种植体相关感染是牙周病的主要挑战之一。根据角蛋白的两性离子特性,我们的目标是利用角蛋白涂层开发具有抗菌和生物活性的引导骨再生膜。本研究将电纺丝丝素(SF) -拉脱石(LAP)纤维膜作为GBR膜,并对羊毛中提取的角蛋白进行电喷涂。研究了电喷涂时间(2、3、4小时)对GBR膜性能的影响。在对角蛋白修饰膜进行理化表征后,分别在模拟体液和磷酸盐缓冲盐水中研究了膜的体外生物活性和降解率。此外,我们还对角蛋白修饰的SF-LAP膜接触间充质干细胞的增殖和分化进行了评估。最后,研究了膜对革兰氏阳性菌(金黄色葡萄球菌)的抑菌活性。结果表明,采用简单的电喷雾工艺,在SF-LAP纤维膜上成功地形成了均匀的羊毛角蛋白涂层。羊毛角蛋白涂层明显提高了SF-LAP膜的伸长率和亲水性,但机械强度没有变化。此外,由于角蛋白涂层中氨基酸的羧基,角蛋白涂层显著提高了SF-LAP膜的生物活性和降解率。此外,LAP纳米颗粒和角蛋白涂层的协同作用显著改善了成骨细胞的增殖和分化。最后,羊毛角蛋白涂层的两性离子特性源于其相等的正电荷(NH3+)和负电荷(COO−),这大大提高了SF-LAP膜的抗菌活性。总的来说,角蛋白包被的SF-LAP纤维膜具有显著的机械和生物性能,有可能成为GBR膜。
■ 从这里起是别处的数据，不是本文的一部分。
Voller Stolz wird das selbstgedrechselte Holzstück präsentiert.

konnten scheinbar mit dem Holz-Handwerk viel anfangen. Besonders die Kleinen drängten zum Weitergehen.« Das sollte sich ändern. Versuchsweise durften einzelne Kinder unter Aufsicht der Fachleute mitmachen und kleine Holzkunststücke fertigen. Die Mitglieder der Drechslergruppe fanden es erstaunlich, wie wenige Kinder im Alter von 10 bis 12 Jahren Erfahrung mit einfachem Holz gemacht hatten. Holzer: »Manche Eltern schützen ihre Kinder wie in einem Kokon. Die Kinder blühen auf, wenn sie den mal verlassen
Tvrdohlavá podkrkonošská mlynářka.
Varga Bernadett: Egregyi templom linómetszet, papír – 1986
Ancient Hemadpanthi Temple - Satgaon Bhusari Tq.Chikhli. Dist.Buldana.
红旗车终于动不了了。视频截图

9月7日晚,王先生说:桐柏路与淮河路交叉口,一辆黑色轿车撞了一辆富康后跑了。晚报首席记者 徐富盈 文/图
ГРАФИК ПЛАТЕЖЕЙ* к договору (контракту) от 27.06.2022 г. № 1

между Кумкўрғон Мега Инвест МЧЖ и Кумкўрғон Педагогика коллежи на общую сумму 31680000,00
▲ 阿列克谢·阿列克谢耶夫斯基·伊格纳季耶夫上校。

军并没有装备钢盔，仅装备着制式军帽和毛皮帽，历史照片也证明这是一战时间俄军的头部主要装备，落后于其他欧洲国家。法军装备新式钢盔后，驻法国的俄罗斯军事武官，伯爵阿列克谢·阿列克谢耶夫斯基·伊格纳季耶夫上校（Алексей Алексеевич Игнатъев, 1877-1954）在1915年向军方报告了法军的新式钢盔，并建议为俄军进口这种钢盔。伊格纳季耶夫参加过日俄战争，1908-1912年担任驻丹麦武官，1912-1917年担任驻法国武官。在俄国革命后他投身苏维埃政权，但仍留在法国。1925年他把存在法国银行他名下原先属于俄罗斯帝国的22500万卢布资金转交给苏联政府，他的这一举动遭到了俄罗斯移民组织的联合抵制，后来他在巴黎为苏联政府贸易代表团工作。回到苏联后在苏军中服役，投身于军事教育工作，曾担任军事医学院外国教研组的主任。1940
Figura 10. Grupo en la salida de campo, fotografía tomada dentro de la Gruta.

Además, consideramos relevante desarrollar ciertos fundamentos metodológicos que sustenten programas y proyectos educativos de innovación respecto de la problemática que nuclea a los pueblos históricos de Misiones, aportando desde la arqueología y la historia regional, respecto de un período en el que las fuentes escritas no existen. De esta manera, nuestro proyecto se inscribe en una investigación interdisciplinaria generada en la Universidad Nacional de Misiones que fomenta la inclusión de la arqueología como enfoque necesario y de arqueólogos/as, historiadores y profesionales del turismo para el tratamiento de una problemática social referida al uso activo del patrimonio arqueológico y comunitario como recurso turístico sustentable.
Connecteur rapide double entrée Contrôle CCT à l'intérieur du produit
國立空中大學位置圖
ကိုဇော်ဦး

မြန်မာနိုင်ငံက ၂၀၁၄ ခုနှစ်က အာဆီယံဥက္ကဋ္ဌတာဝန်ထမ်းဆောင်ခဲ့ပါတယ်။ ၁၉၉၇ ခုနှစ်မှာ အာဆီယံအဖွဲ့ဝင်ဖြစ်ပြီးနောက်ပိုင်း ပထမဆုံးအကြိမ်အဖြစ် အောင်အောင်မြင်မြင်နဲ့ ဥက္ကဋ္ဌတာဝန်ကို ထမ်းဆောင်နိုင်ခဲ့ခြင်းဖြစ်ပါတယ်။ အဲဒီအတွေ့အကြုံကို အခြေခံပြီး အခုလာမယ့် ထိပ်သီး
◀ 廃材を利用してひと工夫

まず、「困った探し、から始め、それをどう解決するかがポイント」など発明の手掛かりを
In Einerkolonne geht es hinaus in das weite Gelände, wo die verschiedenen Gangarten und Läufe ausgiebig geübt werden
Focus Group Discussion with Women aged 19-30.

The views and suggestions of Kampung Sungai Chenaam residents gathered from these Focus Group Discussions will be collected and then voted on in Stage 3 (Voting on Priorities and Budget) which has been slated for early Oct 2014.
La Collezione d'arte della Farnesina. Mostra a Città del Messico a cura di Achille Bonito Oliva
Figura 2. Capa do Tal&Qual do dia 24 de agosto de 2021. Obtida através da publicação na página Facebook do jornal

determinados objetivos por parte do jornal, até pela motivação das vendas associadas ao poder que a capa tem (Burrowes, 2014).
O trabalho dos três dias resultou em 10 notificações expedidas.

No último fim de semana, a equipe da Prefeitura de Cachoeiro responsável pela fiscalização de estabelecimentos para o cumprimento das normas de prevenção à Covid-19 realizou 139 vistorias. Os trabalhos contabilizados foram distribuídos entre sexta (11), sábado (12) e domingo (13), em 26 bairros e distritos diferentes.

本文章由计算机程序翻译,如有差异,请以英文原文为准。
Zwitterionic keratin coating on silk-Laponite fibrous membranes for guided bone regeneration

Implant-related infection is one of the main challenges in periodontal diseases. According to the zwitterionic properties of keratin, we aim to develop guided bone regeneration (GBR) membrane with antibacterial and bioactivity properties using a keratin coating. In this study, electrospun silk fibroin (SF)–Laponite (LAP) fibrous membranes were developed as GBR membranes, and keratin extracted from sheep wool was electrosprayed on them. Here, the role of electrospraying time (2, 3, and 4h) on the properties of the GBR membranes was investigated. After physicochemical characterization of the keratin-modified membranes, in vitro bioactivity and degradation rate of the membranes were studied in simulated body fluid and phosphate buffer saline, respectively. Moreover, proliferation and differentiation of mesenchymal stem cells were evaluated in contact with the keratin-modified SF–LAP membrane. Finally, the antibacterial activity of membranes against gram-positive bacteria (Staphylococcus aureus) was investigated. Results demonstrated the successful formation of homogeneous wool keratin coating on SF–LAP fibrous membranes using a simple electrospray process. While wool keratin coating significantly enhanced the elongation and hydrophilicity of the SF–LAP membrane, the mechanical strength was not changed. In addition, keratin coating significantly improved the bioactivity and degradation rate of SF–LAP membranes, owing to the carboxyl groups of amino acids in keratin coating. In addition, the synergic role of LAP nanoparticles and keratin coating drastically improved osteoblast proliferation and differentiation. Finally, the zwitterionic property of wool keratin coating originating from their equal positive (NH3+) and negative (COO) charges considerably improved the antibacterial activity of the SF–LAP membrane. Overall, keratin-coated SF–LAP fibrous membranes with significant mechanical and biological properties could have the potential for GBR membranes.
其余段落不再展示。